[Source records]
++++++++++

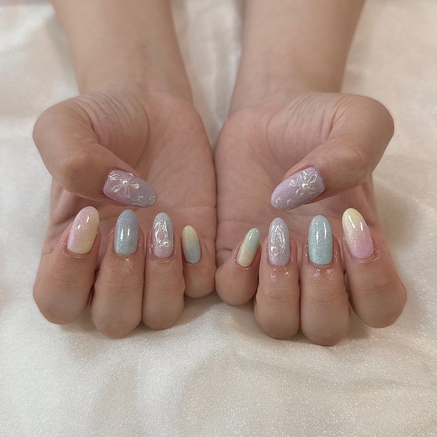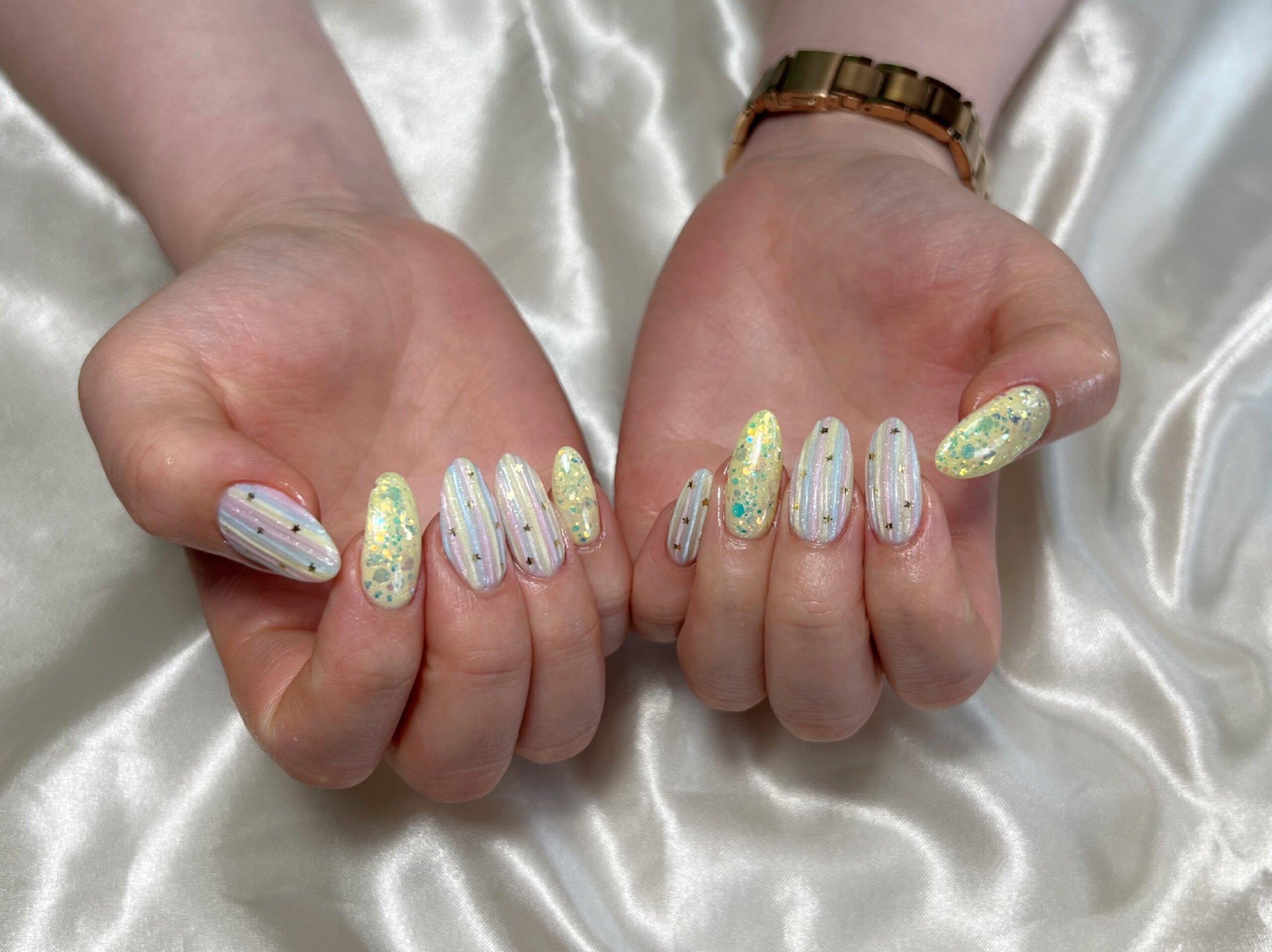 トレンドの「ぷっくりフラワー」に、イエローのラメを合わせて。まるで春の花びらが舞っているような華やかさです。
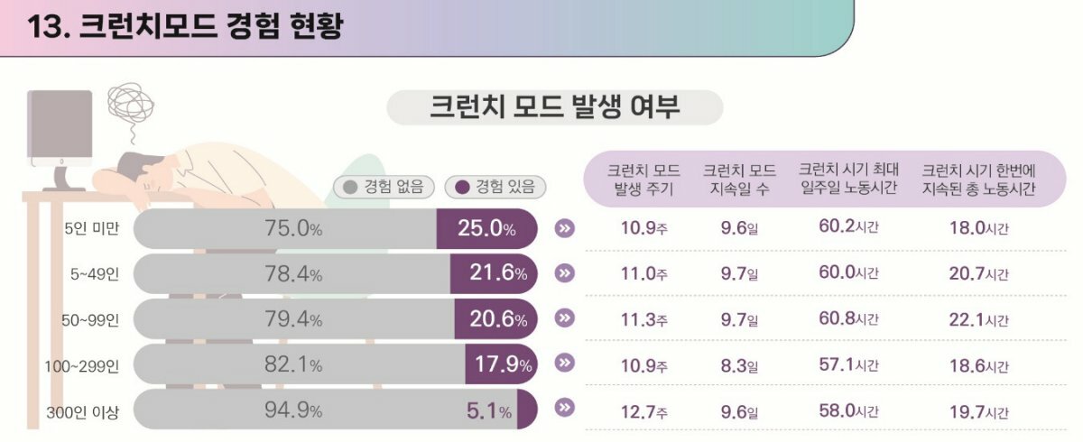 아울러 규모가 작은 곳일수록 크런치 경험도 많았으며 300인 이상 사업체 소속 종사자들은 타 규모 사업체보다 크게 낮은 5.1%만이 크런치 모드를 경험했다.
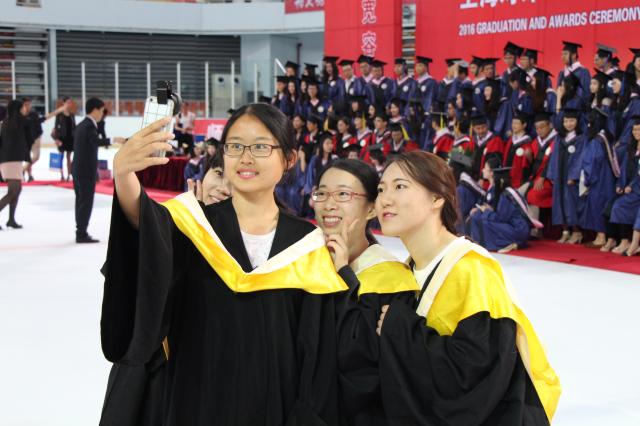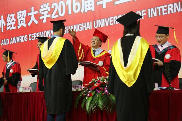毕业典礼前,校舞蹈团和嘻哈社带来舞蹈《那时花开的季节》《逐梦》。学校为全体毕业生精心制作的微电影《盛放Ⅱ》中,入学时光、文汇路、图书馆、思源湖畔一一掠过,大家共同回顾了上经贸大的湖光树影与四度青春岁月,毕业生们沉浸在对校园的无尽回忆和留恋中。7名毕业生代表分别向大学期间给予他们关心和帮助的家长、老师、员工、同学献花,表达了他们的感恩之情。微信墙上,同学们互赠祝福,依依惜别。“毕业快乐”“难忘四年”“感谢有你”“前程似锦”等感言凝结了同学们临别之际对母校的留恋,对同窗的不舍以及对今后人生的期待。2016届毕业典礼在《毕业歌》的合唱中落下了帷幕,承载着上经贸大情怀的2016届毕业生将在人生的新起点扬帆起航。
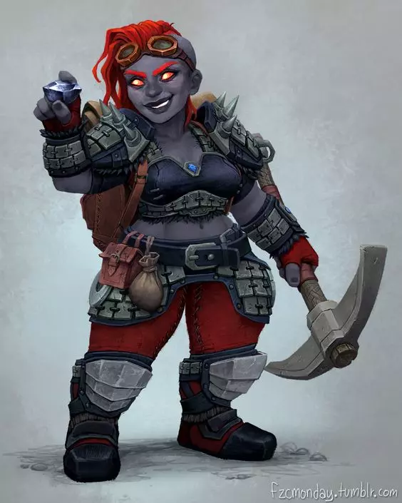 Gemri Rustheart is a duergar scavenger who trawls dangerous locations for rare materials and objects which she can sell to the highest bidder. She is accompanied on her expeditions by a canine construct named Rusty.
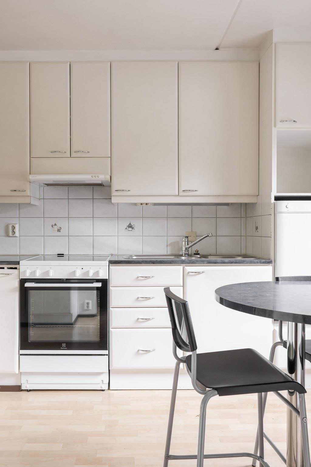 - Jääkaappi (2019), pakastekaappi (2019), keraaminen liesi, liesituuletin (moottori tuulettimessa), astianpesukone (2021), kaapistot, kiinteät valaisimet. Kiertoilmauuni (2017)
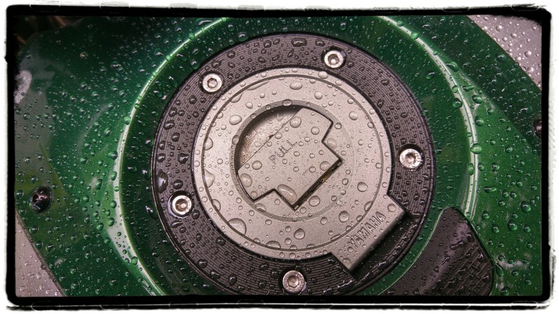 Even terug naar de teller. Die is opvallend klein maar ook opvallend afleesbaar. Snelheid duidelijk in beeld, versnellingsindicator en tankinhoud iets meer op de achtergrond, toerental in de rand en tot slot is er nog één plekje vrij waar je gemiddeld verbruik, huidig verbruik, temperatuur, omgevingstemperatuur, kilometerstand, een van de twee triptellers of de tijd kan laten verschijnen. Ik heb grotere displays gezien die minder goed vielen te ontcijferen.
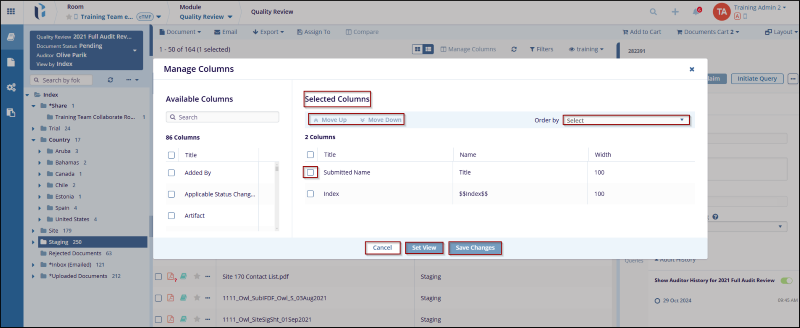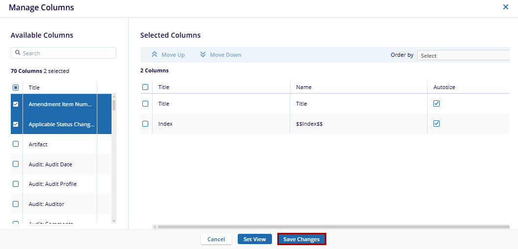 - In the Selected Columns section, the user can use the Move Up and Move Down buttons to reorder the columns in the selected list. For each selected column, the user can see its Title, Name, and Width.
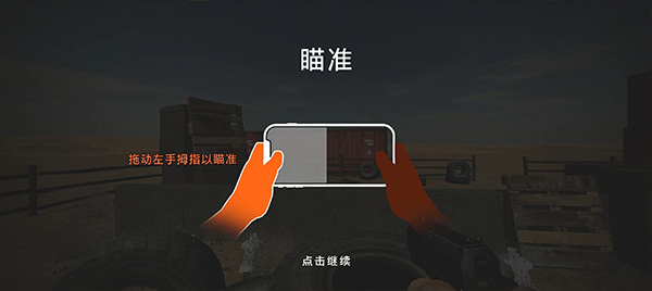 3、之后我们会进入游戏之内,拖动左手拇指所在的区域进行瞄准;
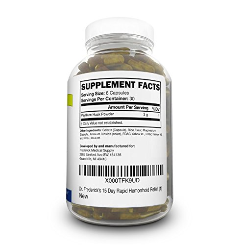 -. Binding : Health and Beauty -. Brand : Dr. Frederick's Original -. Label : Frederick Medical Supply -. Manufacturer : Frederick Medical Supply -. ProductGroup : Health and Beauty -. ProductTypeName : HEALTH_PERSONAL_CARE -. Publisher : Frederick Medical Supply -. Studio : Frederick Medical Supply -. Title : Dr. Frederick's 15 Day Rapid Hemorrhoid Relief - 100% Blond Psyllium Husk Powder - High Dose Fiber Supplement - Reduce bleeding, Itching, Pain, & Strain.
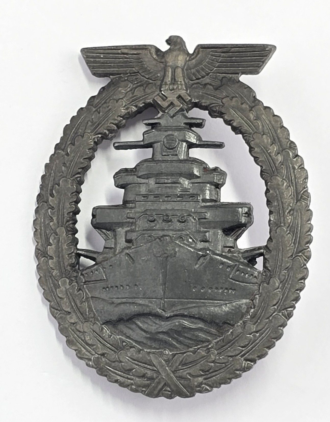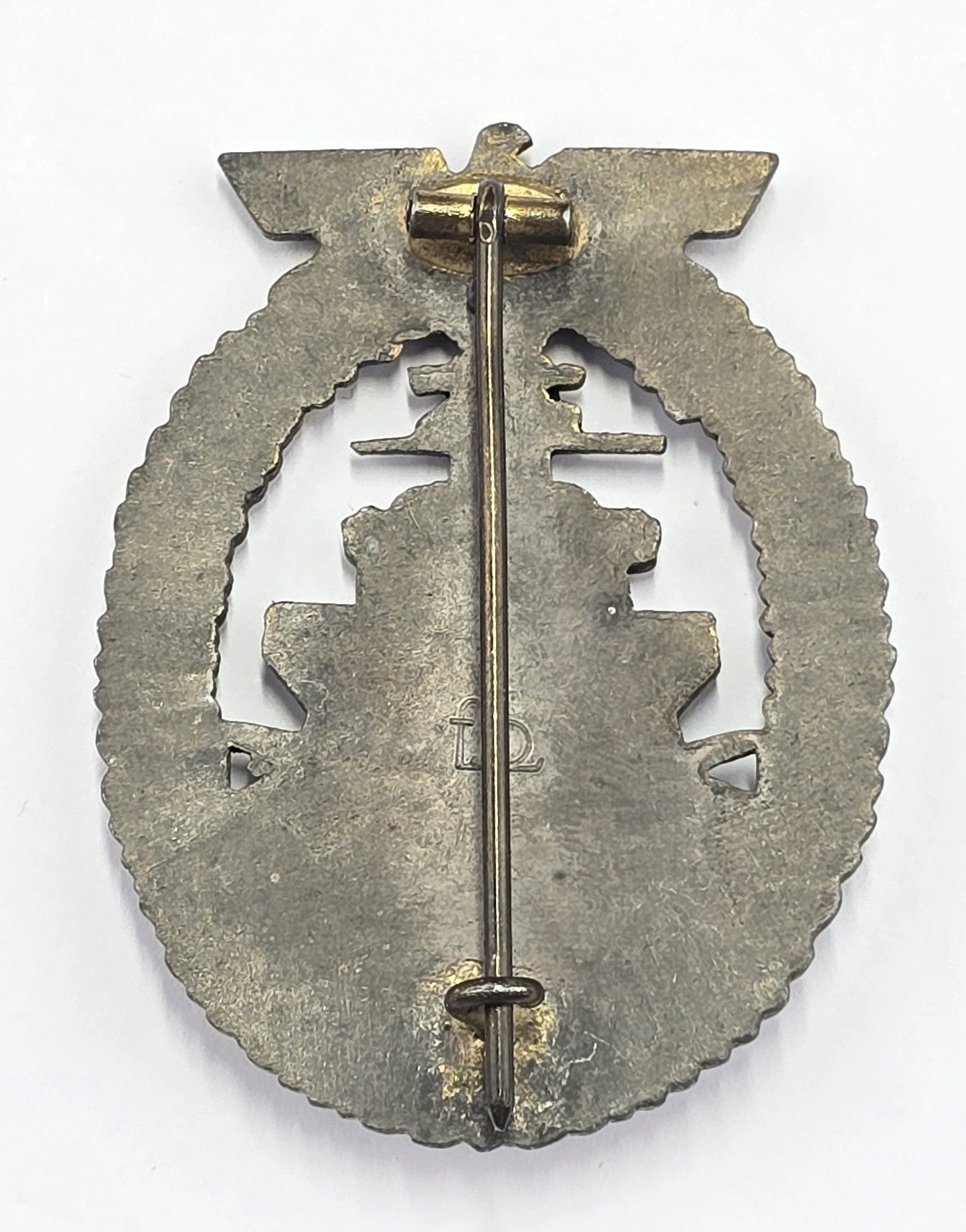 WW2 German High Seas Fleet War Badge by FO for Fredrich Orth, mid war quality with pin and catch in good used condition.

++++++++++

- [EXERCISE GOAL]:
The lines to retype run from the one containing "3、之后我们会进入游戏之内,拖动左手拇指所在的区域进行瞄准;" through the last line of the records above; write them exactly and skip the pictures.

- [WRITTEN SOLUTION]:
 3、之后我们会进入游戏之内,拖动左手拇指所在的区域进行瞄准;
 -. Binding : Health and Beauty -. Brand : Dr. Frederick's Original -. Label : Frederick Medical Supply -. Manufacturer : Frederick Medical Supply -. ProductGroup : Health and Beauty -. ProductTypeName : HEALTH_PERSONAL_CARE -. Publisher : Frederick Medical Supply -. Studio : Frederick Medical Supply -. Title : Dr. Frederick's 15 Day Rapid Hemorrhoid Relief - 100% Blond Psyllium Husk Powder - High Dose Fiber Supplement - Reduce bleeding, Itching, Pain, & Strain.
 WW2 German High Seas Fleet War Badge by FO for Fredrich Orth, mid war quality with pin and catch in good used condition.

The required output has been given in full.